After extensive stage work with regional theater in Oregon and with the Circle Repertory Company and the New York Shakespeare Festival in NYC, Hurt made his film debut as a scientist who experiments on himself to terrifying effect in Ken Russell's "Altered States" (1980). He confirmed his status as a movie star when he co-starred as the cocky and sexy but foolish lawyer opposite Kathleen Turner in Lawrence Kasdan's steamy film noir suspenser, "Body Heat" (1981) and followed up as a psychologically maimed Vietnam vet in Kasdan's "The Big Chill" (1983).
A decided change of pace came first with Hurt's role as a Russian detective in "Gorky Park" (1983) and especially with his performance as the flamboyantly gay window dresser incarcerated in a Latin American jail in Hector Babenco's "Kiss of the Spider Woman" (1985). The latter earned him numerous plaudits, including an Oscar and Best Actor awards from the British Academy and the Cannes Film Festival. He had reached a peak of critical acclaim, and was a popular enough star to provide box-office insurance for "Children of a Lesser God" (1986), based on the Broadway success, with Hurt as a teacher of the hearing-impaired. He earned a second Best Actor Oscar nomination, and the following year made it three in a row with an amusing change-of-pace role as a dense newscaster in "Broadcast News" (1987).
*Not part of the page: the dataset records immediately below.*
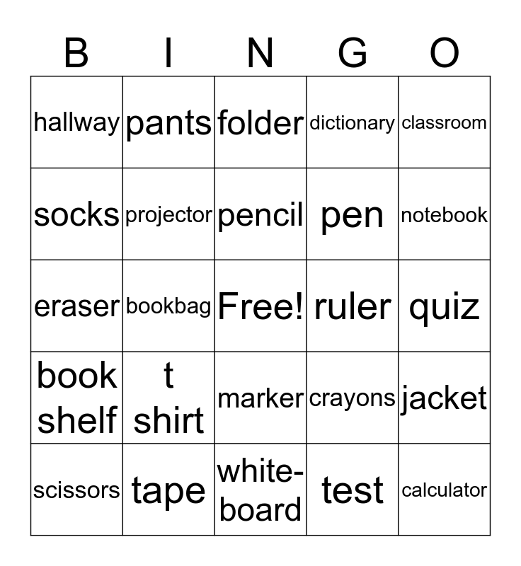 This bingo card has a free space and 24 words: t shirt, tape, pencil, scissors, classroom, hallway, socks, pants, ruler, marker, pen, eraser, crayons, jacket, projector, test, quiz, folder, notebook, bookbag, calculator, book shelf, dictionary and white-board.
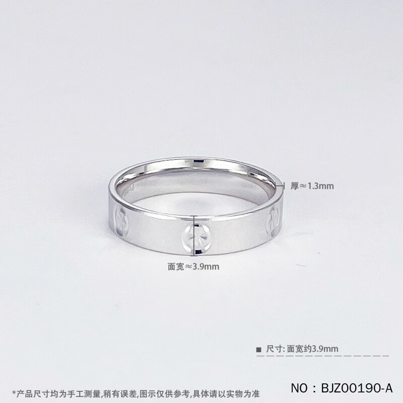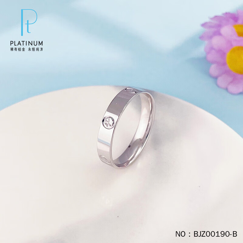 Jibaolou PT950 platinum ring for men and women, couple style, screw pattern, rice-shaped fixed mouth platinum ring, size 12, 4.95g
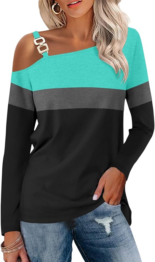 Women's Long Sleeve Tunics Tops Color Block Off Shoulder Tops Casual Shirts
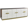 International 60's inspired cabinet with an all walnut case with relief surface patterns on the six gloss white doors and oversized brass hardware that ties back to the plinth base. The long, low clean lines provide great opportunity for living room, dining room, or entertainment function. Behind each pair of doors there is on soft close drawer and one adjustable shelf.

Hurt's reticent persona meshed perfectly that of the emotionally withdrawn, reluctant travel writer in Kasdan's adaptation of the Anne Tyler bestseller, "The Accidental Tourist" (1988). It also suited his impersonal physician whose illness humanizes him in "The Doctor" (1991), a film which reteamed him with "Children" director Randa Haines. "The Doctor" marked Hurt's last box-office success for a while, and some saw his supporting turns as an adulterous college professor in "Mr. Wonderful" (1993) and as a corrupt cop in "Trial by Jury" (1994) as evidence of a decline into a character actor. But Hurt has long been the type who might call himself a character actor rather than a movie star; his role in "The Big Chill" was considerably smaller than those of several of his co-stars, and he also played an amusing smaller role as an inept hired killer in Kasdan's "I Love You to Death" (1990). He has, meanwhile, also played leads as the mysterious possessor of a sight-giving device in Wim Wenders' ambitious and somewhat underrated "Until the End of the World" (1991), as a potential adoptive father in "Second Sight" (1994) and as a Brooklyn writer in Wayne Wang's "Smoke" (1995).
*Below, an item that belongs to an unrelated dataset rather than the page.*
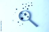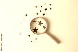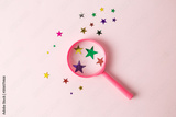 Top view of magnifier and different sizes multicolored stars on pastel rose background abstract.
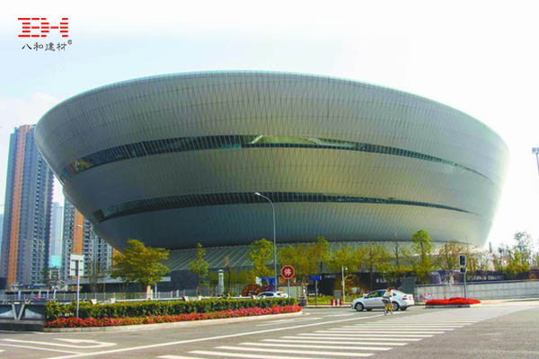 成都演藝中心是一個演藝兼體育賽事的綜合場館,為了達到良好的隔音、隔熱、防火功能,外立面采用了兩萬多塊鋁蜂窩板。

As middle age set in, Hurt retained a sinewy physique but his blond mane was thinning and his looks were hardening. Nevertheless, he continued to bring his unique intelligence to a variety of roles. Hurt cut an idiosyncratic figure as Rochester in the 1996 remake of "Charlotte Bronte's Jane Eyre" while in Nora Ephron's "Michael" (also 1996), he delivered a strong portrait of a cynical tabloid reporter investigating the supposed visitation by an angel. The little seen gem "Loved" (1997) teamed him with Robin Wright Penn as a district attorney and a potential witness respectively. Hurt returned to the world of science fiction with his next two features, the muddled "Dark City", in which he played a police investigator looking into a possible murder, and the highly-anticipated feature version of "Lost in Space" (both 1998). Hurt rounded out 1998 with a stand-out performance as an impotent lawyer whose wife takes a lover in order to have a child in "The Proposition" and as the stoic husband of a dying woman (Meryl Streep) in "One True Thing".
With the dawning of the new millennium, the actor has continued to accept challenging parts whether they be supporting roles like his staunch Communist in Istvan Szabo's epic "Sunshine" or as the doomed patriarch of House Atreides in the Sci-Fi Channel miniseries "Frank Herbert's Dune" (both 2000) or leads in fare like the direct-to-cable "Contaminated Man" (also 2000). And Hurt continued to appear on the big screen, segueing from leading man roles to pivotal character parts, such as the desperate, obsessive Prof. Hobby in the Spielberg-Kubrick sci-fi fable "A.I.: Artificial Intelligence" (2001), Samuel L. Jackson's compassionate Alcoholics Anonymous sponsor in "Changing Lanes" (2002) and Angus, the father of Winnie Foster (Alexis Bledel, in the Disney adaptation of the children's classic novel "Tuck Everlasting."